### [INPUT MATERIAL]
[Start of section]
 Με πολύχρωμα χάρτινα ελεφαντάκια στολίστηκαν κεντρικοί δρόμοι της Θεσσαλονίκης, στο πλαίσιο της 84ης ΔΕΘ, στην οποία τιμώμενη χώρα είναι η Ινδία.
[End of section]
[Start of section]
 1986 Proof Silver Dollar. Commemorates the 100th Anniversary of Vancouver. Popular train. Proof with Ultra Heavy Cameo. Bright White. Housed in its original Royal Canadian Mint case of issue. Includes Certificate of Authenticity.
[End of section]
[Start of section]
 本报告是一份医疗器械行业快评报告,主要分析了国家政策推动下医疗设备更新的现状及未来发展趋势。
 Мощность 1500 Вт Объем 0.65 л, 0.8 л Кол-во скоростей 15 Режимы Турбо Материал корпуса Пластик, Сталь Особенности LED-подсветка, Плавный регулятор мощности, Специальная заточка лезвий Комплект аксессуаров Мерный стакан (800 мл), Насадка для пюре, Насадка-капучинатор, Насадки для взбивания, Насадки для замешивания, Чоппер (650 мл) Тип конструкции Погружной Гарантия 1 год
[End of section]
### [TASK STATEMENT]
Where the data above reaches the line holding "本报告是一份医疗器械行业快评", begin printing, and stop after the line holding "Мощность 1500 Вт". Each line must be reproduced exactly, with nothing else added.

### [WRITTEN SOLUTION]
 本报告是一份医疗器械行业快评报告,主要分析了国家政策推动下医疗设备更新的现状及未来发展趋势。
 Мощность 1500 Вт Объем 0.65 л, 0.8 л Кол-во скоростей 15 Режимы Турбо Материал корпуса Пластик, Сталь Особенности LED-подсветка, Плавный регулятор мощности, Специальная заточка лезвий Комплект аксессуаров Мерный стакан (800 мл), Насадка для пюре, Насадка-капучинатор, Насадки для взбивания, Насадки для замешивания, Чоппер (650 мл) Тип конструкции Погружной Гарантия 1 год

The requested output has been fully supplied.